Columbia County Spotlight
- Type: Weekly newspaper
- Owner: Carpenter Media Group
- Publisher: Nikki DeBuse
- Editor: Mark Miller
- Founded: 1961
- Language: English
- Headquarters: 52490 SE Second St. Scappoose, Oregon 97056
- Circulation: 5,093 (as of 2022)
- Website: columbiacountyspotlight.com

= Columbia County Spotlight =

Weekly newspaper published in Scappoose, Oregon

The Columbia County Spotlight, previously known as the Scappoose Spotlight and the South County Spotlight, is a weekly newspaper in Columbia County, Oregon, United States, established in 1961. The paper serves Scappoose and St. Helens, and covers communities along Highway 30 from Linnton and Sauvie Island to Clatskanie. The editorial staff is based in Scappoose, while some administration and creative services are based in Milwaukie at the headquarters of Pamplin Media Group, which owns the newspaper. The Spotlight is one of a number of community newspapers in the group, including the Forest Grove News-Times and the Portland Tribune. It is a general member of the Oregon Newspaper Publishers Association and its coverage has been cited by other newspapers in the area, including The Oregonian.
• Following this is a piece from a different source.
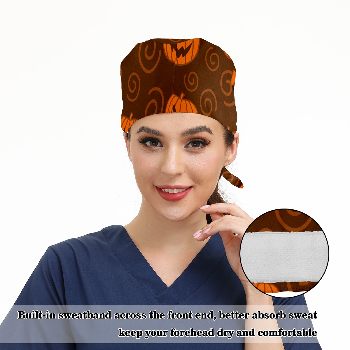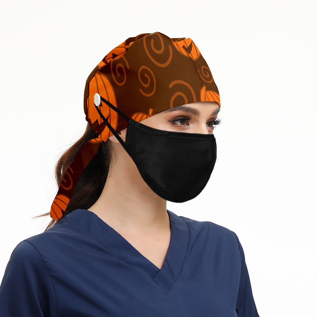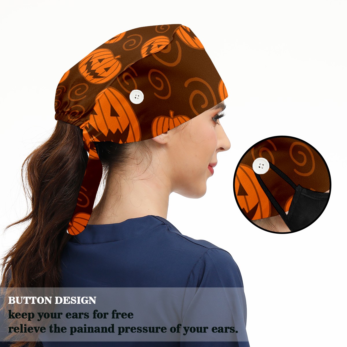 Working Caps with Button & Sweatband Satin Lined Cotton Adjustable Nurse Hats Elastic Band Scrub Cap Surgeon Hat Hallowen Orange Pumpkin

The paper it is part of the Northwest News Partnership, along with Daily Astorian and the EO Media Group.

== History ==
Paul Robinson established the Vernonia Eagle in August 1922. He sold it to Mark Moe in the late 1920s, and the paper was owned by Ray Fisher in the 1930s. Marvin Kamholz purchased the Eagle in 1937, and sold it to Jerry Moore in 1970 along with the Scappoose Spotlight, established in 1961. The two papers were merged in September 1974 to form the Columbia County Herald, but maintained separate front pages for the Scappoose and Vernonia editions. Moore published the paper until 1975 when he died at age 39. The paper was then acquired by Don Van Deusen, who owned the St. Johns Review. By 2012, the newspaper was called the South County Spotlight and owned by Pamplin Media Group. In 2024, Robert B. Pamplin Jr. sold his newspaper company, including the Columbia County Spotlight, to Carpenter Media Group.